0 x0 tips before reading
Golang basic syntax, BASIC knowledge of HTML, CSS, JS. I’ve heard of regular expressions and GOLang’s HTTP.
The purpose of this article: to record a minimalist crawler script entry to the development. Only for learning use, can not cause loss to the site.
0x1 First introduction to a crawler
The wiki:
Web crawler (spider) is a kind of web robot used to browse the World Wide Web automatically. Its purpose is generally to compile web indexes. For example, web search engines update their own web content or their indexes to other web sites through crawler software. Web crawlers can save the pages they visit so that search engines can generate indexes for users to search.
Crawlers visiting web sites consume target system resources. Many network systems do not acquiesce to crawler work. Therefore, crawlers need to consider planning, load, and “courtesy” when visiting a large number of pages. Public sites that do not want to be accessed by crawlers and known by crawler owners can avoid access by using methods such as robots.txt files. This file can require the bot to index only a portion of the site, or to do nothing at all.
My current understanding is that crawlers can access web pages, but the content they get is not necessarily the same as what the browser loads (which involves loading some resources). Most web sites have basic anti-crawling, but can be cracked by setting Headers.
Today’s harvest: Reworked the overall development steps of a minimalist crawler.
TODO:
- Learn about golang’s HTTP package
- Hand crawler general framework, modular entire project
- Crawler goes deep…
0x2 Minimalist crawler development steps
- Creating a Client
- Create an HTTP request
- Add a Header to the request Header
- The client sends a request request
- The client receives a response
- Response. Body is decoded and analyzed.

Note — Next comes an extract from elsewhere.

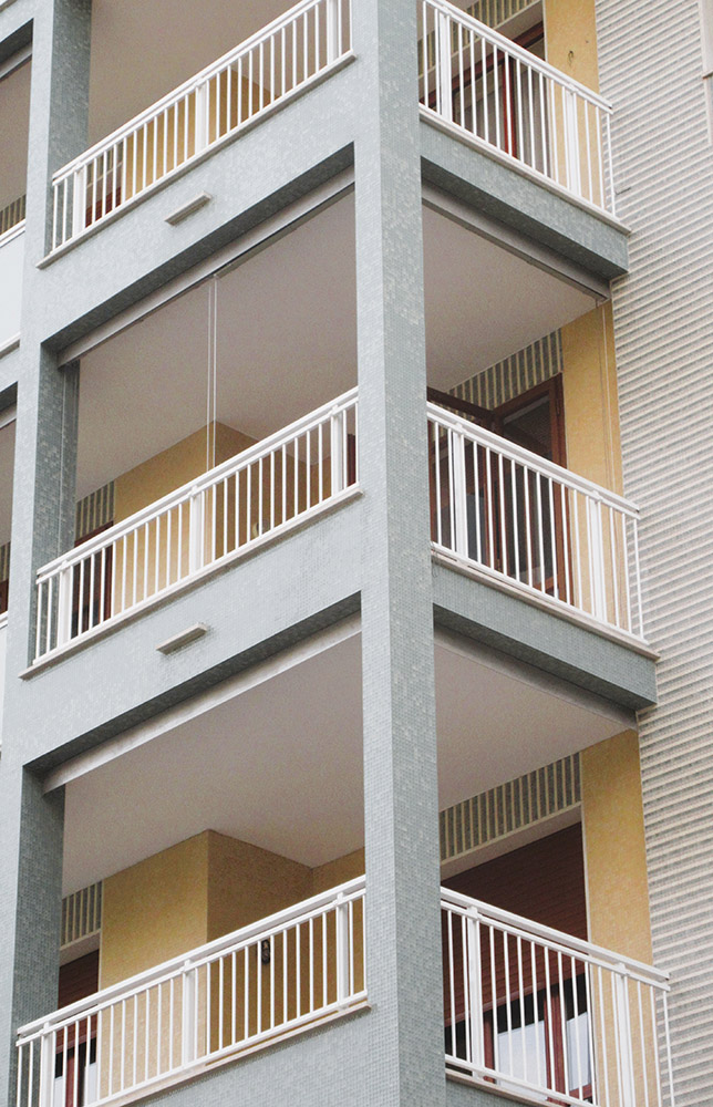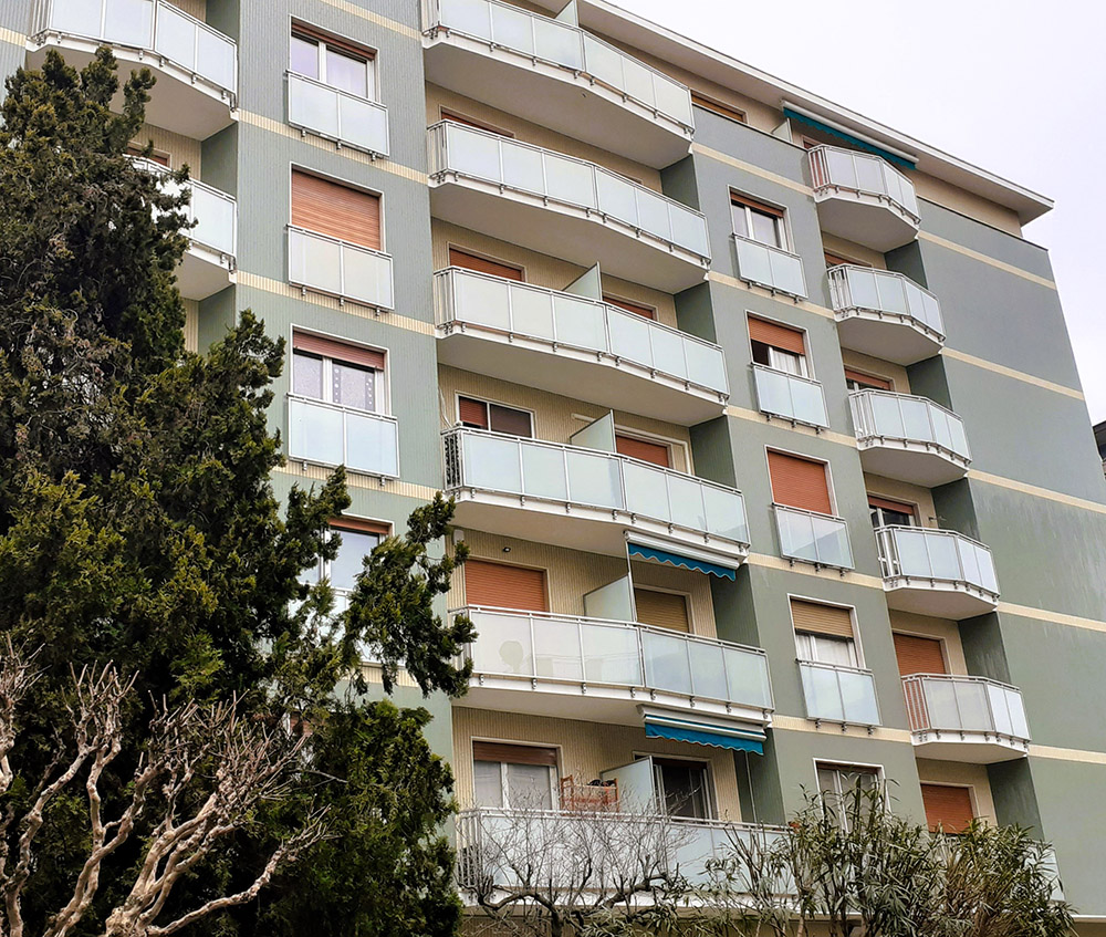 Parapetto modello ALL B GLASS – ALL B MIX costituito da montanti in tubolare esterno di alluminio, internamente rinforzati in acciaio e corrimano a sezione rettangolare.

If it is not UTF-8, it is converted to UTF-8 encoding
- Parse the retrieved content: Extract the required information using regular expressions and format the output
- results
As shown in the figure below
0x03 code + comment parsing
As follows:
package main
import (
"bufio"
"fmt"
"golang.org/x/net/html/charset"
"golang.org/x/text/encoding"
"golang.org/x/text/transform"
"io"
"io/ioutil"
"log"
"net/http"
"regexp"
)
func main(a) {
url := "https://www.bilibili.com/v/popular/rank/all"
// Create a client
client := &http.Client{}
// Create a request
req, err := http.NewRequest("GET", url, nil)
iferr ! =nil {
log.Fatalln(err)
}
/ / set the Header
req.Header.Set("User-Agent"."Mozilla / 5.0 (Macintosh; Intel Mac OS X 10_15_7) AppleWebKit (KHTML, like Gecko) Chrome/89.0.4389.82 Safari/537.36")

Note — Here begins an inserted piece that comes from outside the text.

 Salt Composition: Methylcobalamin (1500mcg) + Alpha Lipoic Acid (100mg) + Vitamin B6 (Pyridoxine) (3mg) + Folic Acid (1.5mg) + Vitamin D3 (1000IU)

// The client initiates a request and receives a response
resp, err := client.Do(req)
iferr ! =nil {
log.Fatalln(err)
}
defer resp.Body.Close()
// If the access fails, print the current status code
ifresp.StatusCode ! = http.StatusOK { fmt.Println("Error: status code", resp.StatusCode)
return
}
// We need to get the encoding of the retrieved content
e := determineEncodeing(resp.Body)
// Get the utF-8 encoded content
utf8Reader := transform.NewReader(resp.Body, e.NewDecoder())
// Read all the information on the page
all, err := ioutil.ReadAll(utf8Reader)
iferr ! =nil {
panic(err)
}
// Prints information
fmt.Printf("%s",all)
// Parses and prints the retrieved content
printTitle(all)
}
func determineEncodeing(r io.Reader) encoding.Encoding {
bytes, err := bufio.NewReader(r).Peek(1024)
iferr ! =nil {
panic(err)
}
e, _, _ := charset.DetermineEncoding(bytes, "")
return e
}
func printTitle(contents []byte) {
// Regular expression, used to match content, + means at least one content, ^ means cannot contain content, parentheses are taken into the array
re := regexp.MustCompile(`<a href="//(www.bilibili.com/video/[0-9a-zA-Z]+)" target="_blank" class="title">([^<]+)</a>`)
// -1 finds all matching strings
matches := re.FindAllSubmatch(contents, - 1)
/ / print
for _, m := range matches {
fmt.Printf("Title: %s, URL:%s\n", m[2], m[1])
}
fmt.Printf("matches: %d\n".len(matches))
}
Copy the code
0 x04 epilogue
I had no inspiration and no patience today, so I spent two and a half hours writing this. You have the energy to continue to replenish later.